Self-Training Doesn't Flatten Language -- It Restructures It: Surface Markers Amplify While Deep Syntax Dies
Pith reviewed 2026-05-21 05:42 UTC · model grok-4.3
The pith
Self-training on model outputs restructures language by syntactic depth rather than flattening it uniformly.
A machine-rendered reading of the paper's core claim, the machinery that carries it, and where it could break.
Core claim
The Structural Depth Hypothesis states that the per-generation decay rate of a linguistic feature during successive self-training is predicted primarily by its structural depth—the number of nested syntactic dependencies it requires—and only secondarily by its generation-zero output frequency. Tracking 17 features over eleven generations in five models from three architecture families yields a pooled Spearman rho of 0.540 for depth versus 0.225 for frequency, while a matched human-text fine-tuning control yields rho near zero.
What carries the argument
The Structural Depth Hypothesis, which predicts feature decay rates in self-training from the count of nested syntactic dependencies a feature requires.
If this is right
- Aggregate complexity proxies such as dependency tree depth, type-token ratio, and word length all rise even as clause structure collapses.

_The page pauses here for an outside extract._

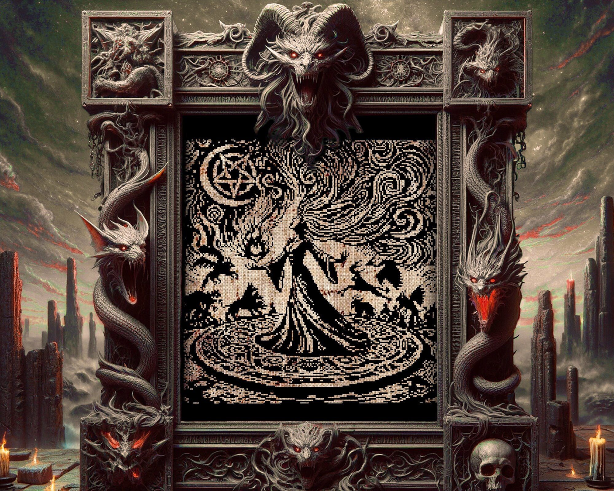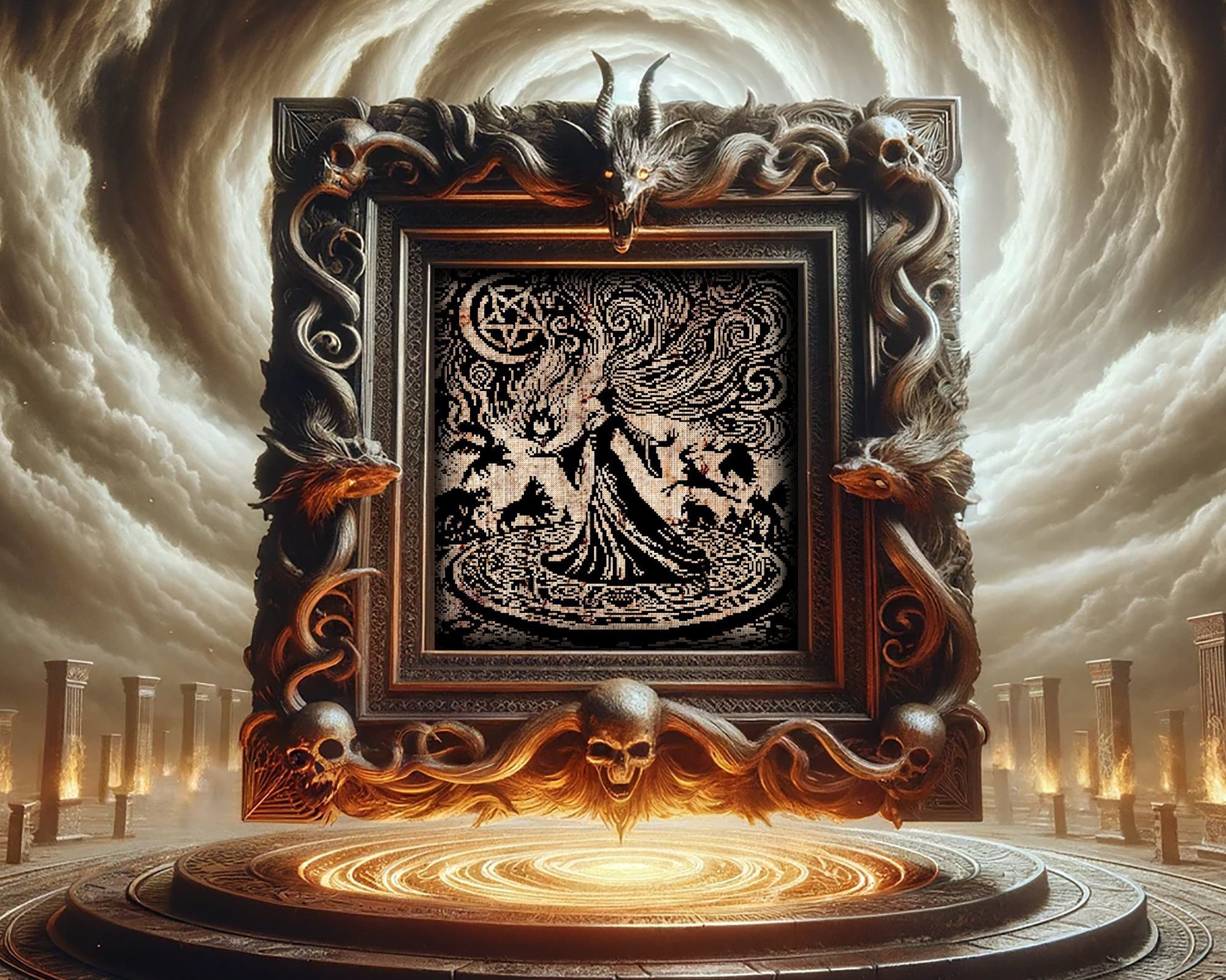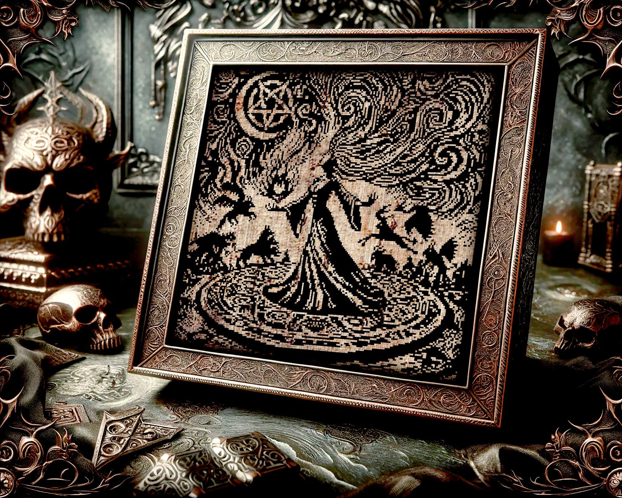 Embark on a stitching odyssey with the 🪡 Woodcut Conjurer Witch Cross Stitch Pattern, where each thread interlaces to tell the ancient tale of the 🌙 Rites of Eleusis. Enshrouded in the very essence of gothic cross stitch, this pattern brings the allure of halloween cross stitch to the realms of the modern cross stitch enthusiast.
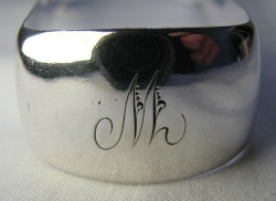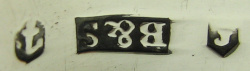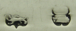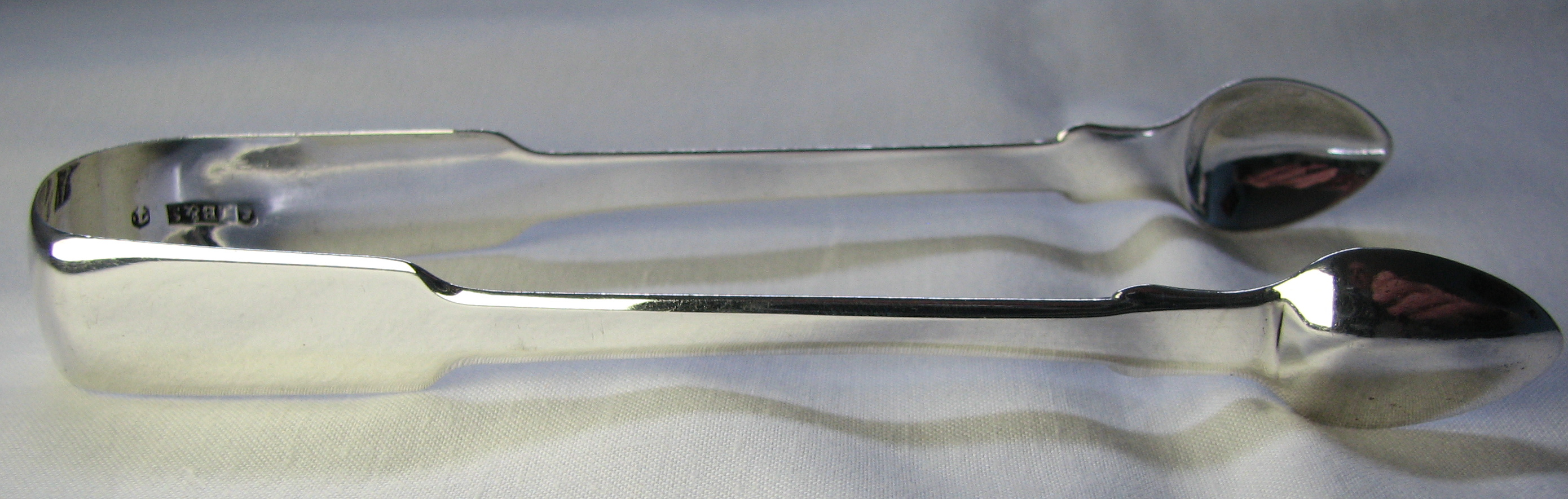 This is a very ordinary pair of Fiddle pattern tongs. They have clear Birmingham marks for 1807/08 and an engraved monogram.

- The resulting text carries rising superficial complexity alongside eroding deep syntax.
- Training-data curation must account for this depth-driven restructuring to preserve syntactic variety.
- LLM-text detection methods may need adjustment to track depth-specific markers rather than overall complexity.
Where Pith is reading between the lines
- If the pattern holds, repeated self-training cycles could gradually erode a model's capacity for complex clause embedding in ways simple diversity metrics miss.
- The depth-based decay might appear in other iterative regimes such as reinforcement learning from model feedback, suggesting a broader test across training loops.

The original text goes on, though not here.